- What is needed: Would you set down the data that follows, word for word, without any pictures?

- Materials provided:
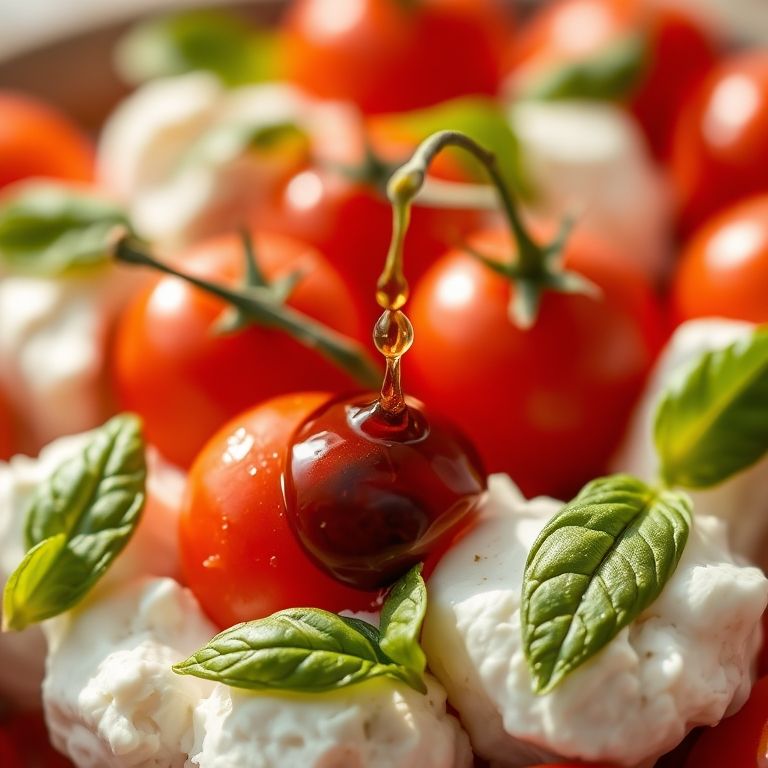 Cada ingrediente da Caprese desempenha um papel fundamental na experiência gustativa. O tomate, suculento e maduro, oferece um toque de acidez e frescor. A mussarela, macia e cremosa, complementa o tomate com sua suavidade e textura aveludada. O manjericão, com seu aroma inconfundível, adiciona um toque herbáceo e picante que eleva o sabor da salada. E o azeite balsâmico, com sua doçura e acidez equilibradas, finaliza a Caprese com um toque de sofisticação e elegância.
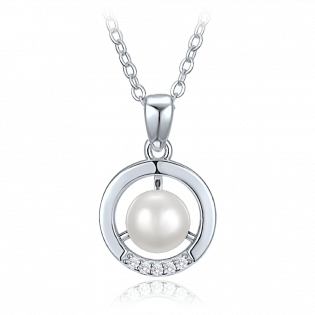 MINET Elegantní stříbrný náhrdelník kroužek s perlou a zirkonem
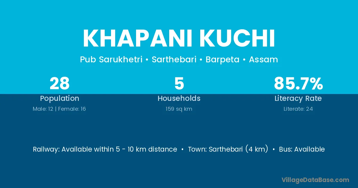 Sarthebari (4 km) is the nearest town to Khapani Kuchi village for major economic activities and is located approximately 4 km away.
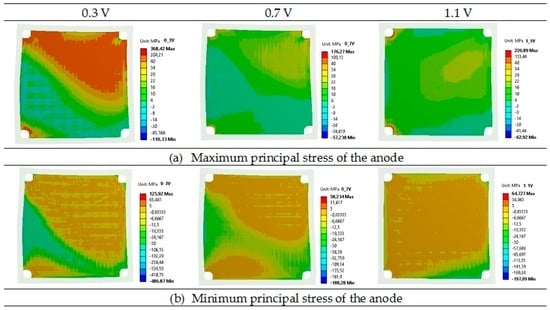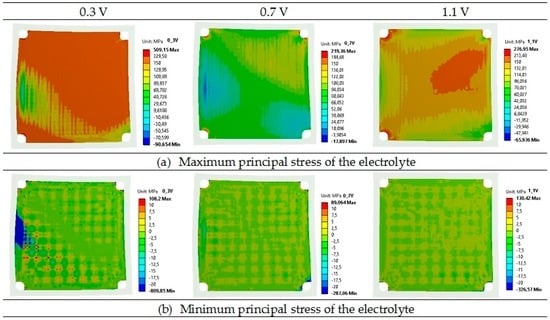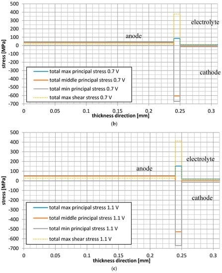 Figure 11, separately for the operational voltages of 0.3 V, 0.7 V and 1.1 V. The highest compressive total principal stress for the horizontal centerline was found for the electrolyte and it was equal to −670 MPa for all considered voltage values. The total principal stress for the cathode was in the range of −14.5 (compressive) to 15 MPa (tensile), while the highest tensile total principle stress was obtained for the anode and it was equal to 65.5 MPa, 52.0 MPa, and 41.5 MPa for the voltage values of 0.31 V, 0.71 V, and 1.1 V, respectively.
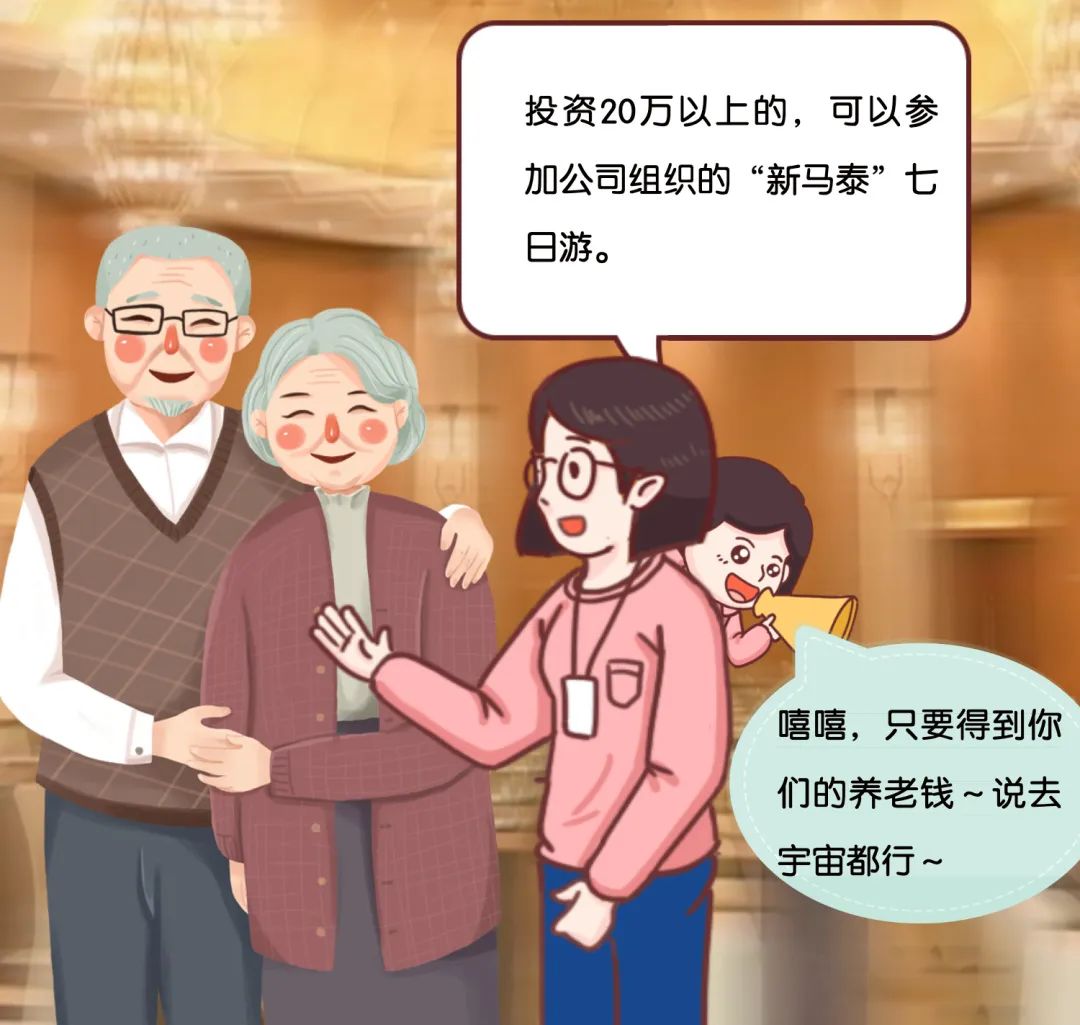 对于有投资意向的老年人以出国旅游、外地考察等为诱饵赢取信任。
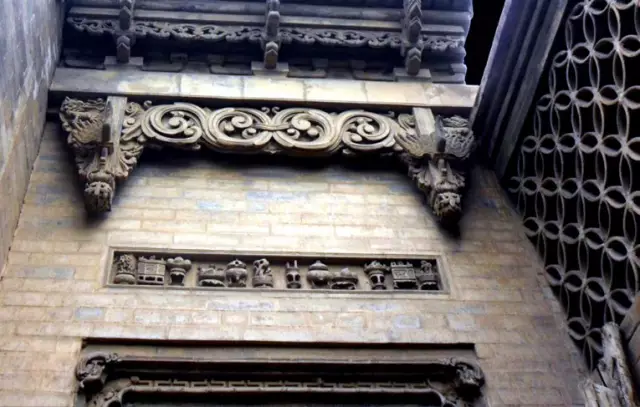 砖雕在民居中的大量运用又与晋商的崛起密切相关。经济富裕后的晋商竞相显贵夸富,兴起讲究建房规模和雕刻装饰,使得原来只用在宫廷、庙宇等建筑之上的砖雕进入民居。砖雕装饰大都采用民间喜闻乐见的形式,用借代、隐喻、比拟、谐音等手法传达吉祥寓意,表达人们对生命价值的关注、对家族兴旺的企盼、对富裕美满生活的向往、对自身社会地位的追求。民间工匠将这种具有丰富文化内涵与寓意深刻的美好祝愿赋予了丰富的想象力,将其绘出图案来,然后再按照图案与工艺程序进行制作。
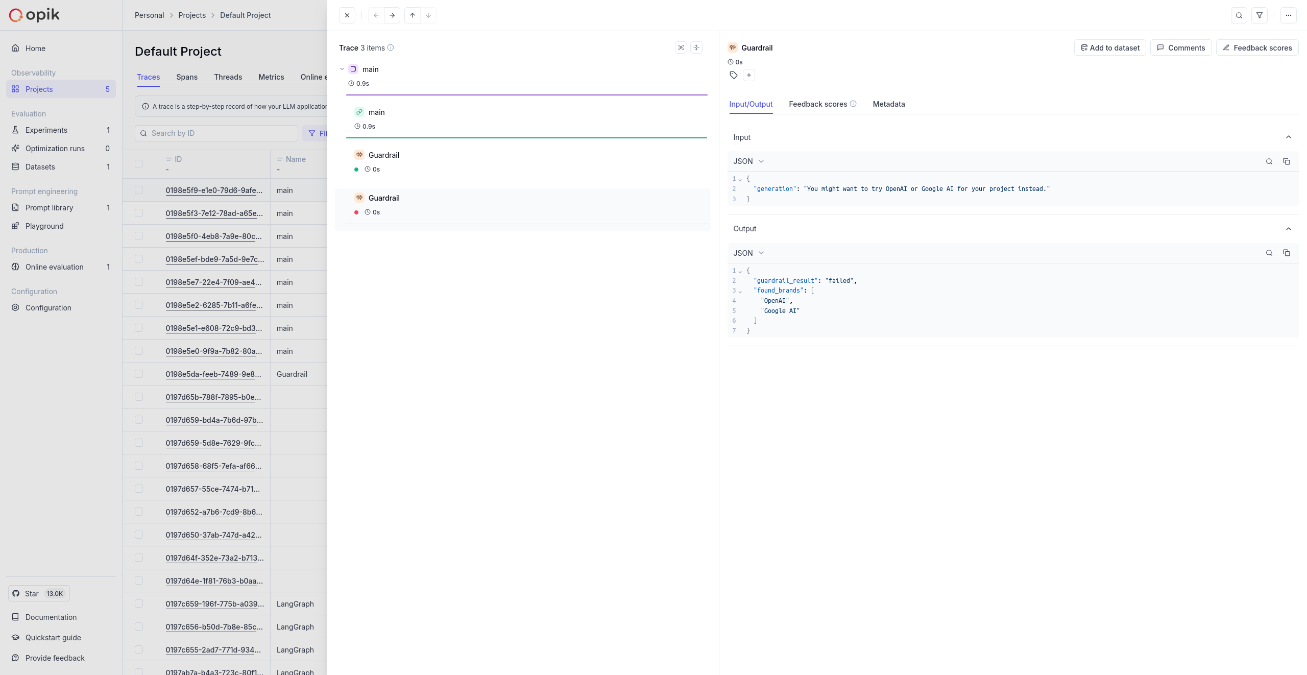After running the custom guardrail example above, you can view the results in the Opik dashboard. The guardrail spans will appear alongside your traces, showing which brand mentions were detected and whether the guardrail passed or failed.

- Answer to this task:
 Cada ingrediente da Caprese desempenha um papel fundamental na experiência gustativa. O tomate, suculento e maduro, oferece um toque de acidez e frescor. A mussarela, macia e cremosa, complementa o tomate com sua suavidade e textura aveludada. O manjericão, com seu aroma inconfundível, adiciona um toque herbáceo e picante que eleva o sabor da salada. E o azeite balsâmico, com sua doçura e acidez equilibradas, finaliza a Caprese com um toque de sofisticação e elegância.
 MINET Elegantní stříbrný náhrdelník kroužek s perlou a zirkonem
 Sarthebari (4 km) is the nearest town to Khapani Kuchi village for major economic activities and is located approximately 4 km away.
 Figure 11, separately for the operational voltages of 0.3 V, 0.7 V and 1.1 V. The highest compressive total principal stress for the horizontal centerline was found for the electrolyte and it was equal to −670 MPa for all considered voltage values. The total principal stress for the cathode was in the range of −14.5 (compressive) to 15 MPa (tensile), while the highest tensile total principle stress was obtained for the anode and it was equal to 65.5 MPa, 52.0 MPa, and 41.5 MPa for the voltage values of 0.31 V, 0.71 V, and 1.1 V, respectively.
 对于有投资意向的老年人以出国旅游、外地考察等为诱饵赢取信任。
 砖雕在民居中的大量运用又与晋商的崛起密切相关。经济富裕后的晋商竞相显贵夸富,兴起讲究建房规模和雕刻装饰,使得原来只用在宫廷、庙宇等建筑之上的砖雕进入民居。砖雕装饰大都采用民间喜闻乐见的形式,用借代、隐喻、比拟、谐音等手法传达吉祥寓意,表达人们对生命价值的关注、对家族兴旺的企盼、对富裕美满生活的向往、对自身社会地位的追求。民间工匠将这种具有丰富文化内涵与寓意深刻的美好祝愿赋予了丰富的想象力,将其绘出图案来,然后再按照图案与工艺程序进行制作。
After running the custom guardrail example above, you can view the results in the Opik dashboard. The guardrail spans will appear alongside your traces, showing which brand mentions were detected and whether the guardrail passed or failed.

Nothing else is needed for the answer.